■ **ASSIGNMENT**: Pictures appear among the records below and must be omitted. Repeat exactly the lines from the line with "Плотность распределения существует" to the line with "deuren in 2012", both included.

■ **DATA PROVIDED**:
· · · ·

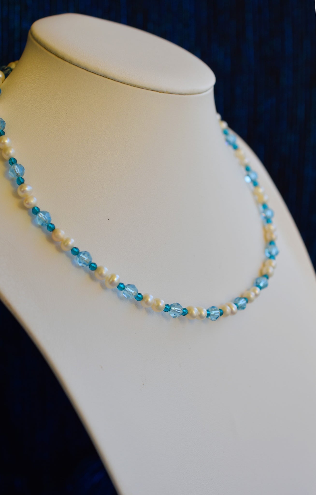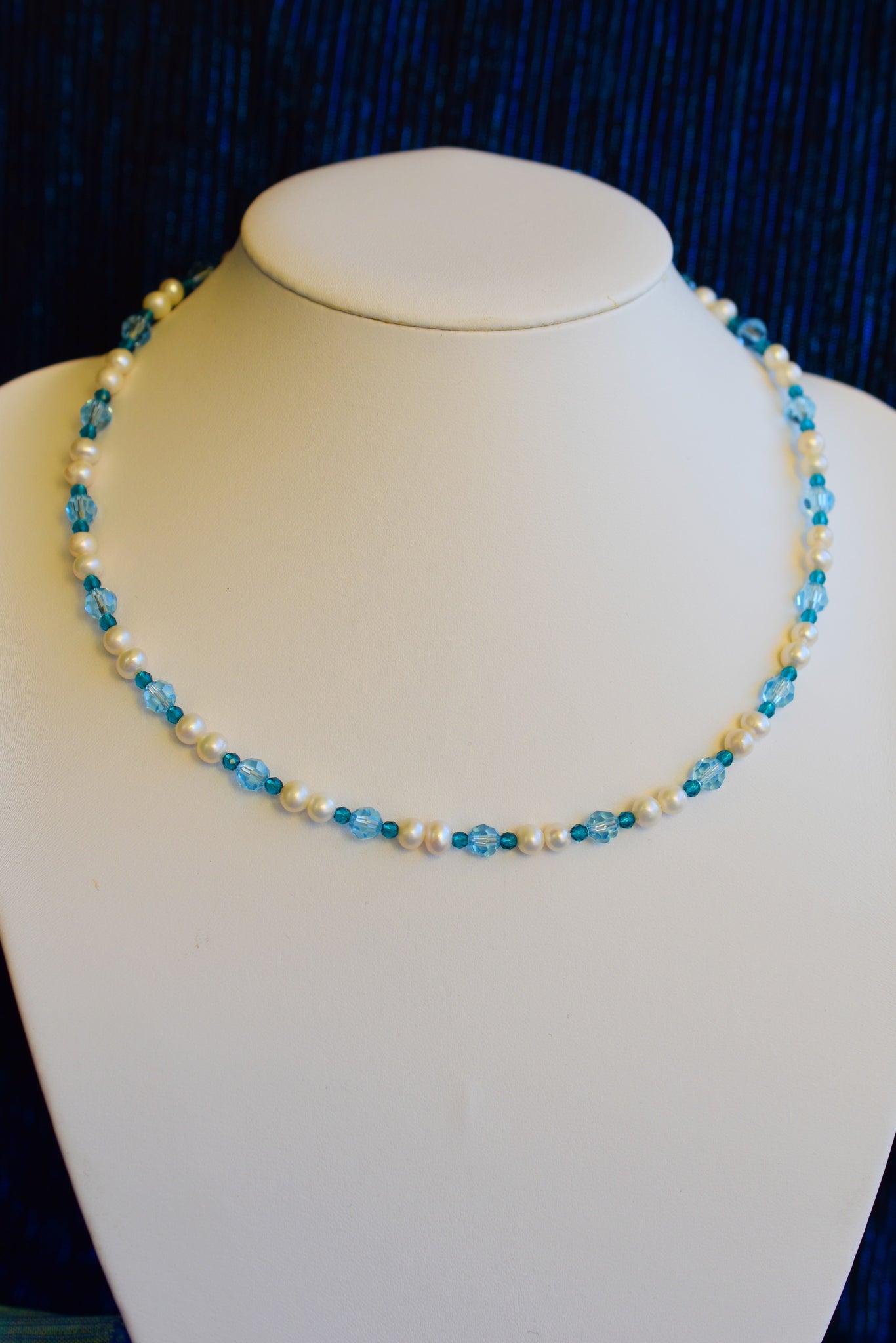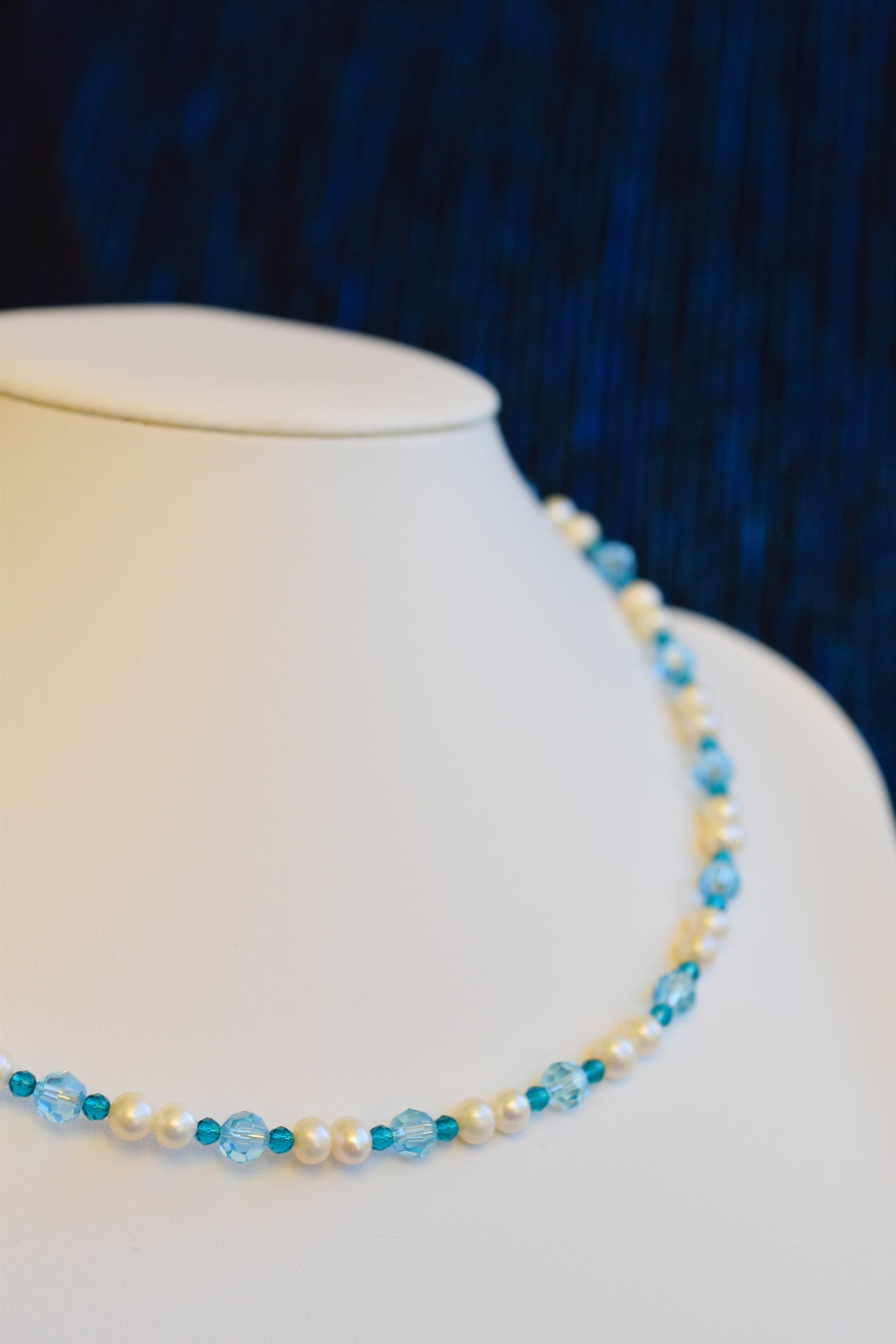 • Πέτρες: λευκά μαργαριτάρια, μπλε swarovski, γαλαζοπράσινο κρύσταλλο
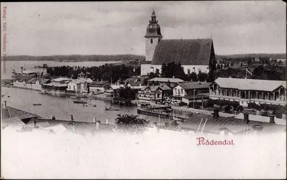 Ak Naantali Finnland, Totalansicht, Fluss, Boote
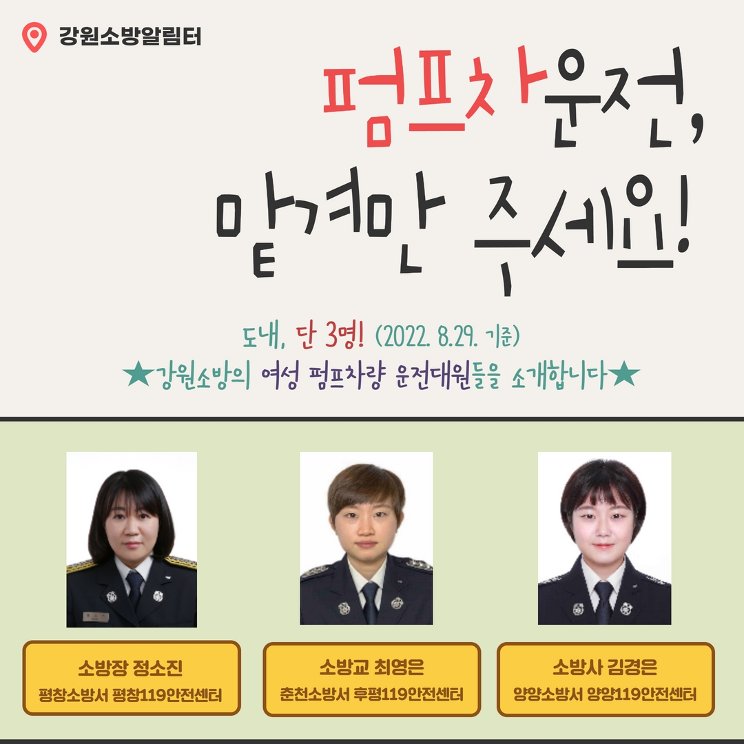 강원소방 「여성 펌프차량 운전대원 소개」카드뉴스
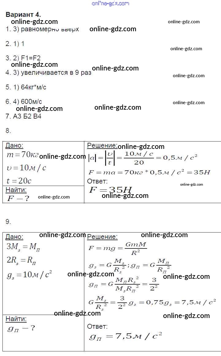 Готовые домашние задания по Физике за 9 класс Контрольные и самостоятельные работы Громцева УМК 2017 - 1. Варианты Глава 1 4
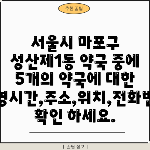 서울시 마포구 성산제1동 약국 중에 5개의 약국에 대한 운영시간,주소,위치,전화번호 확인 하세요.
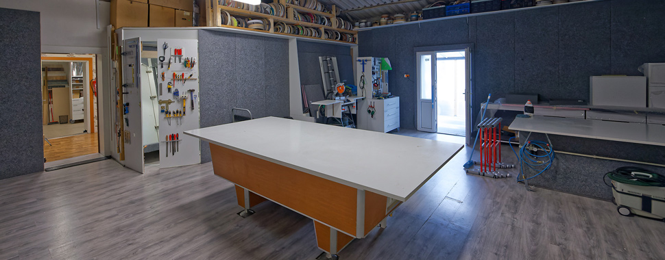 Na společné adrese spolu s naším studiem a kanceláří disponujeme výrobními a skladovacími prostory o ploše 268 + 60 m2, kde na dvou dílnách probíhá vše od příjmu plošného materiálu po řezání, lepení, kování a balení nábytku. Celý proces výroby máme pod kontrolou a jsme v kontaktu s našimi truhláři i vámi. Máte i možnost se do výrobních prostor podívat.
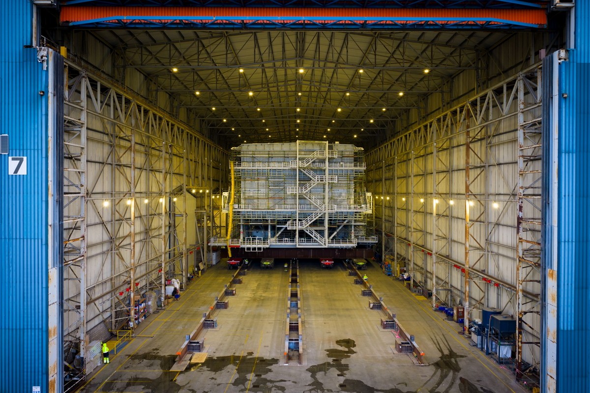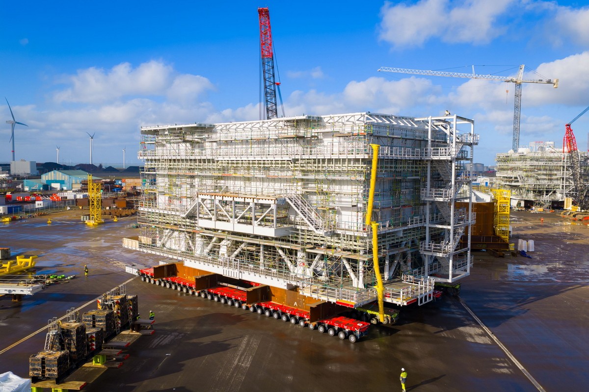 W holenderskim Vlissingen, w zakładach Smulders, tzw. topside, czyli główna część morskiej stacji elektroenergetycznej dla farmy Bałtyk 3, zostało właśnie wyprowadzone z hali produkcyjnej i ustawione na placu zewnętrznym. To konstrukcja o wymiarach 51 × 38 × 43 metry, porównywalnych do wymiarów 15‑piętrowego budynku.
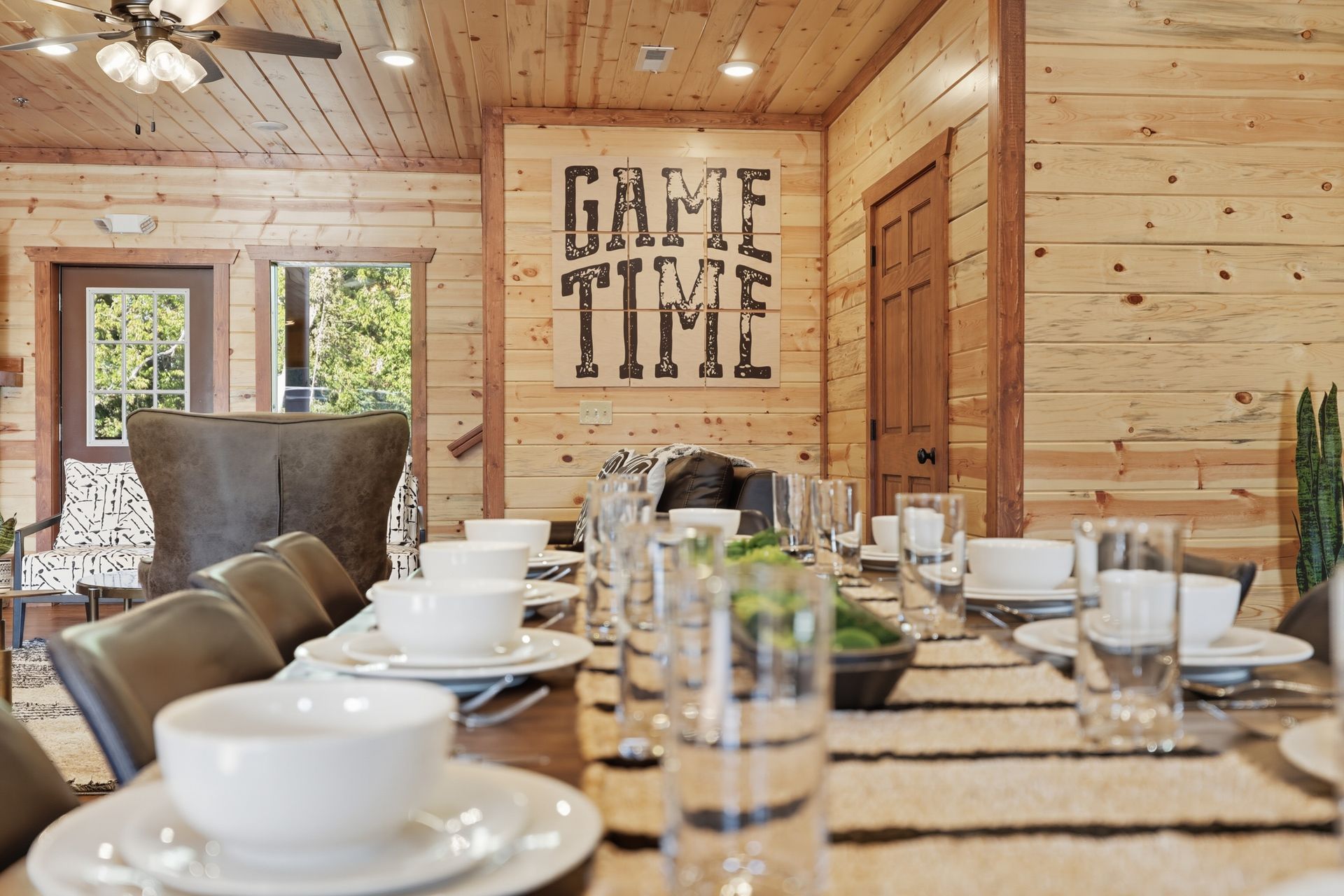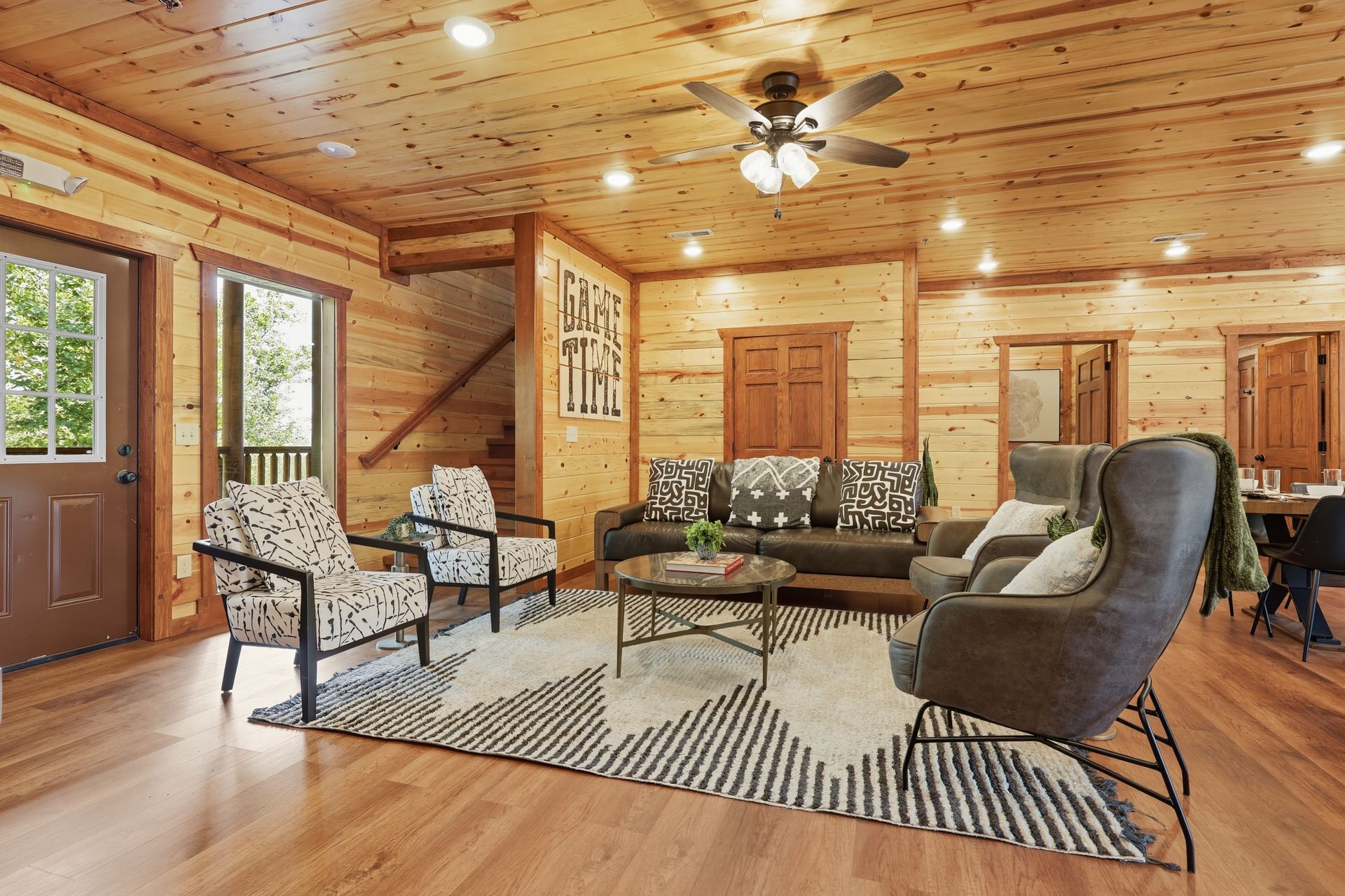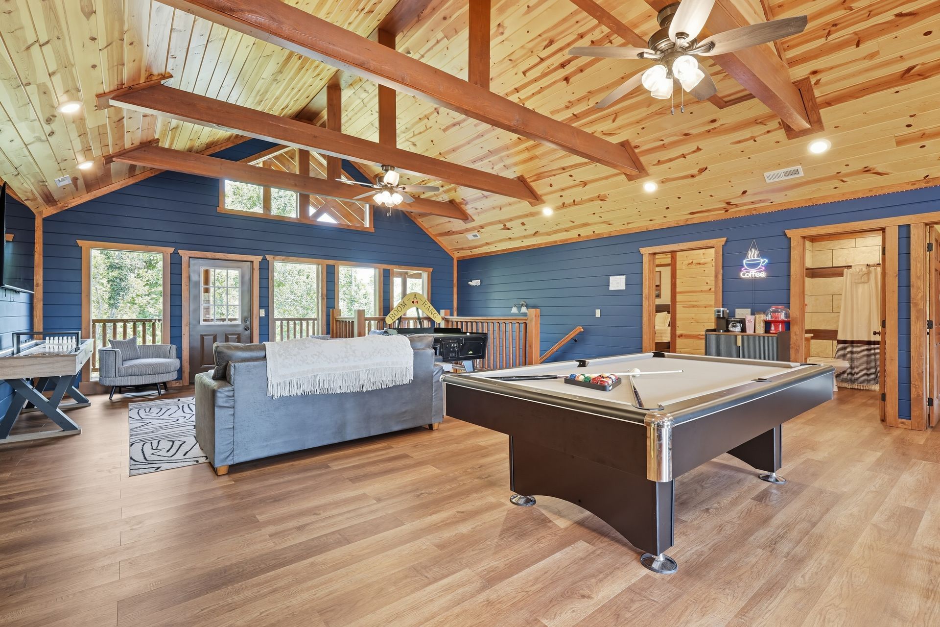 Where adventure meets luxury in the Smoky Mountains. Splash in the galaxy-lit pool, unwind by the waterfall fire pit, and watch rooftop movies under the stars. With 8 en-suites and epic amenities, Game Time Retreat is the ultimate group getaway.
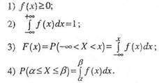 Плотность распределения существует только для непрерывных случайных величин и имеет следующие основные свойства:
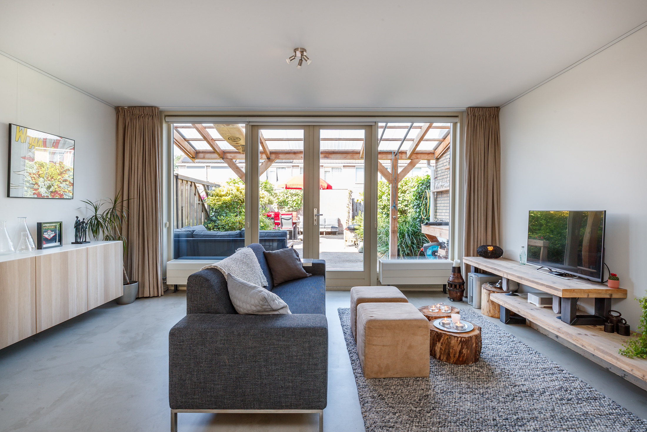 – De woonkamer is aan de achterzijde voorzien van een nieuwe pui met openslaande deuren in 2012
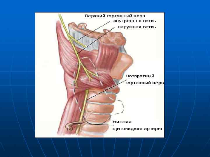 Обозначения на рисунке: 1 -щито-подъязычная мышца; 2 -пирамидальная доля щитовидной железы; 3 -верхняя щитовидная артерия; 4 -левая доля щитовидной железы; 5 -перешеек щитовидной железы; 6 -нижняя щитовидная вена; 7 -трахея; 8 -нижняя щитовидная артерия; 9 -непарная щитовидная вена; 10 -правая доля щитовидной железы; 11 -верхняя щитовидная вена; 12 -щитовидный хрящ; 13 -верхняя гортанная артерия; 14 -подъязычная кость.
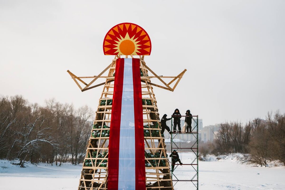 К каркасу гиганта крепят самое большое в городе масленичное платье, что делает символ уходящей зимы по-настоящему готовым к торжеству. Яркий образ Масленицы задаст тон народным гуляниям и станет центром притяжения горожан уже в следующее воскресенье - 22 февраля. Праздничная программа (0+) стартует в 12 часов. Проводы зимы обещают быть шумными и веселыми, с забавами, хороводами и тематическими фотозонами. Ждет гостей праздника и необычное угощение – сибирские костровые блины. Подробнее - по ссылке и в карточке-афише к посту. Фотографии: Виталий Колосов Афиша: Пресс-служба городской зоны отдыха «Зеленый остров» Мы в МАХ
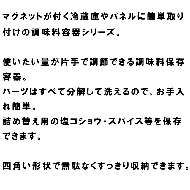マグネットが付く冷蔵庫やパネルに簡単取り付けの調味料容器シリーズ。 |
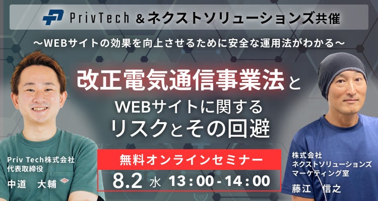 【共催Webセミナー】ネクストソリューションズ × Priv Tech『改正電気通信事業法とWEBサイトに関連するリスクとその回避策』8月2日(水)13時開催
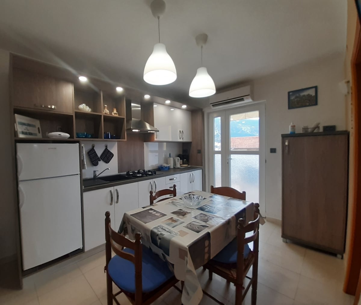 Çimərliyə yaxın, kiçik binanın ikinci mərtəbəsində (üst mərtəbə) yerləşən günəşli mənzil. Binanın qarşısında pulsuz ayrıca parkinq yeri var. Mənzil Panoramasında iki yataq otağı, tam təchiz olunmuş mətbəx, qonaq otağı, hamam otağı və dəniz mənzərəli balkon var. Əmlakın hər yerində pulsuz WI FI mövcuddur. Ən yaxın çimərlik piyada 3 dəq məsafədədir. Şəhər mərkəzi piyada 10 dəq məsafədədir. Velosipedləriniz üçün yerimiz var.

· · · ·

■ **OUTPUT FOR THIS TASK**:
 Плотность распределения существует только для непрерывных случайных величин и имеет следующие основные свойства:
 – De woonkamer is aan de achterzijde voorzien van een nieuwe pui met openslaande deuren in 2012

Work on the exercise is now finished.